Providence divine, Progrès rationnel, Incertitude écologique

Illustrons à présent l’évolution de l’interprétation culturelle des catastrophes dans le temps en prenant comme exemple les inondations dans la région du bas Rhône. Le changement des mentalités face à la menace naturelle liée aux cours d’eau sur ce territoire est notable, notamment dans la manière dont les sociétés se représentent et vivent avec le risque et envisagent les catastrophes (ALLARD & LABEUR, Du fléau à la catastrophe : l’exemple des inondations dans la région du bas Rhône de 1755 à nos jours, 2008).
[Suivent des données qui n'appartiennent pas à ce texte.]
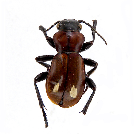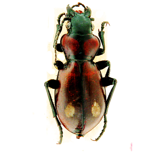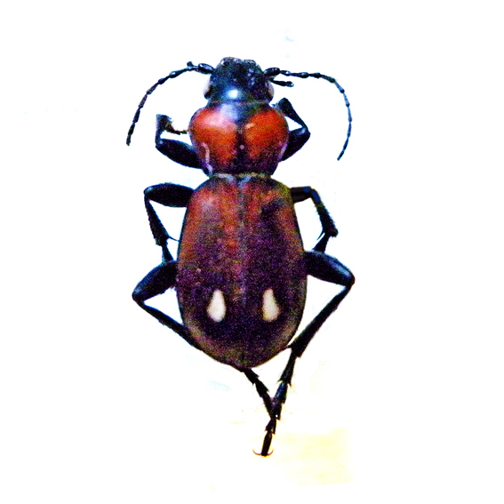 C. volkensi is characterized by the pronotum only moderately transverse, posteriorly narrow and weakly sinuata. The elytra are smooth without visible sculpture, widened in the posterior third. The upper body is yellowish brown to blackish, with a very characteristic large white spot in the back half of each elytron.

Dans la figure ci-dessous, nous avons choisi de découper la période allant de 1755 à nos jours en trois sous-périodes que nous qualifions d’Ancien Régime, de Moderne et de Postmoderne.
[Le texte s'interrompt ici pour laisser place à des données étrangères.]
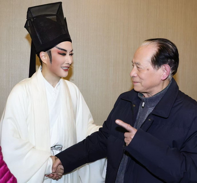 93岁作曲家何占豪在后台和茅威涛合影

L’Ancien Régime fait référence à la période qui s’étend du Moyen Age à la Révolution Française. La période Moderne est comme son nom l’indique une période historique marquée par la modernité. « La modernité n'est ni un concept sociologique, ni un concept politique, ni proprement un concept historique. C'est un mode de civilisation caractéristique, qui s'oppose au mode de la tradition, c'est-à-dire à toutes les autres cultures antérieures ou traditionnelles : face à la diversité géographique et symbolique de celles-ci, la modernité s'impose comme une, homogène, irradiant mondialement à partir de l'Occident. Pourtant elle demeure une notion confuse, qui connote globalement toute une évolution historique et un changement de mentalité. » (BAUDRILLARD, BRUNN, & LAGEIRA, 2008). Enfin, la période Postmoderne, marquée par le Postmodernisme ou la Postmodernité, se caractérise par la recherche d'un dépassement des idéaux progressistes qui se sont développés à partir de l'esprit des Lumières, et par une remise en question du rationalisme et du scientisme qui en a découlé. La vérité, le progrès, la révolution ont été les grandes valeurs du modernisme qui devaient permettre d'atteindre la liberté et le bonheur mais après les horreurs du XXe siècle (les guerres et les régimes totalitaires), il ne faut plus attendre de la science et des grandes idéologies politiques, des lendemains qui chantent (LYOTARD, 1979).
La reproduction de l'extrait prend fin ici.